---------- Dataset content

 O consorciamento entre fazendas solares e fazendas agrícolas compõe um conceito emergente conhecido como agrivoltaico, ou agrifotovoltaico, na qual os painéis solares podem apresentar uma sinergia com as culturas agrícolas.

--------------------
---------- Dataset content

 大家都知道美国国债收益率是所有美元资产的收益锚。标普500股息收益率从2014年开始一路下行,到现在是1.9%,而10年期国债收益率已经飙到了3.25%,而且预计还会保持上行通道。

--------------------
---------- Dataset content

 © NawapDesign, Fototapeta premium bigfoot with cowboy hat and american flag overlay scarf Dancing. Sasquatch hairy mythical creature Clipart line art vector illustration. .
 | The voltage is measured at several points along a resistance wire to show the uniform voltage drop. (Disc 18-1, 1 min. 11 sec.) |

--------------------

--- Problem details ---
Retype word for word everything in the listing above from the line that holds "vector illustration. ." down to the line that holds "min. 11 sec.) |". Keep both end lines and leave out the rest.

--- Task answer ---
 © NawapDesign, Fototapeta premium bigfoot with cowboy hat and american flag overlay scarf Dancing. Sasquatch hairy mythical creature Clipart line art vector illustration. .
 | The voltage is measured at several points along a resistance wire to show the uniform voltage drop. (Disc 18-1, 1 min. 11 sec.) |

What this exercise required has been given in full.